Write it down! (When talent becomes a hurdle)

November 2, 2010

I met with an older student this evening, who’s story is classic. He excelled in math effortlessly; everything was obvious. This until he hit college level abstract algebra, and then… failure.

This is a ridiculously common story among students with natural talent for math. There’s a bravado in not writing things down, not needing to work out the details aloud. You know because you’re smart, not because you had to work for it. And then one day, you hit some mathematical ideas that are too hard and too deep to “get.” Time to learn how to work.

What’s the solution? Step 1: write it down! Putting ideas on paper is a way to turn an intractable ten step problem into ten easy one step problems, and you can’t do it unless you write. You need to start before you know what the end is, and allow yourself to make mistakes that will become steps towards the end.

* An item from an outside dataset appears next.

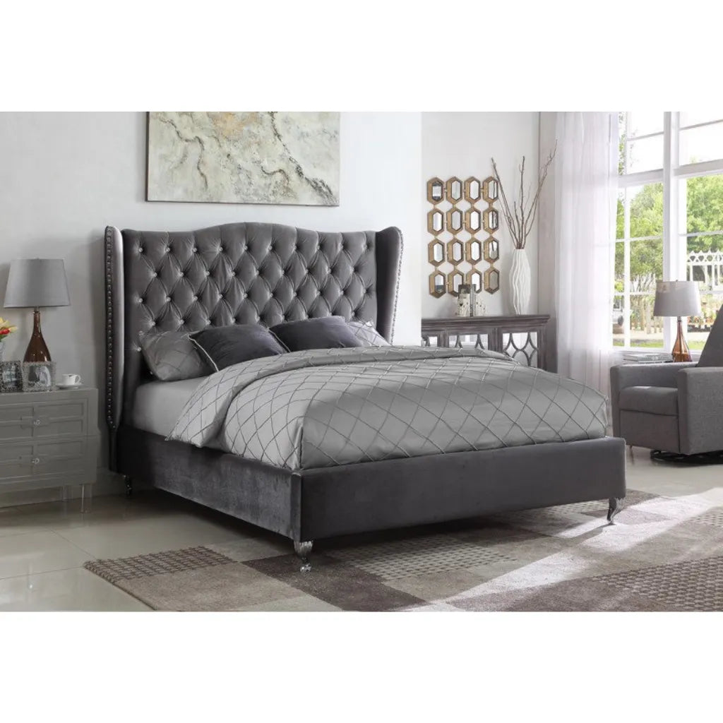 Home King Bed with Wingback Headboard & Rhinestone Details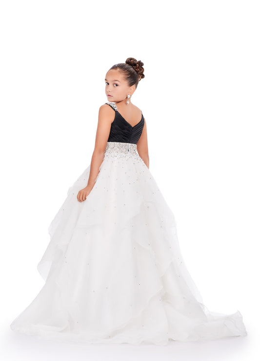 Ashley Lauren Kids 8219 Size 8 Black Ivory Girls Layered Feather Pageant Dress ballgown Embellished V Neck Gown

I heard Malcolm Gladwell speak about this tussle between genius and sweat on Radiolab recently.

 

His conclusion? Love is the critical factor (Robert Krulwich tries to ask how critical, but doesn’t get too far). Malcolm Gladwell, we here at Math for Love agree. Love is a necessary (but not sufficient) condition to brilliance.

Why are people so hostile to the notion that what genius is is an extraordinary love for a particular thing?

–Malcolm Gladwell, about 8′ in above


Speaking of sweating through big projects, my girlfriend and I signed up to participate in NaNoWriMo, which means that we’ll each be writing novels this November. I actually plan to be a NaNoWriMo rebel (there’s a forum for us) and write math related nonfiction (or fiction), but at the end of day one, I’ve got a weird fairy tale-ish thing that I can’t really control. Is it good? Will I end up with a real novel?

Who cares. The goal here is to write it down. In novel writing as in mathematics, there’s a time to just put pen to paper and see what you can build. You have to make something ugly before you make something beautiful. Be proud of the ugly, I say.

So today I wrote 2074 words, which puts me ahead of schedule for 50,000 by the end of the month. Will I make it? Not sure. But damned if I won’t try to put quantity ahead–way ahead–of quality for a while.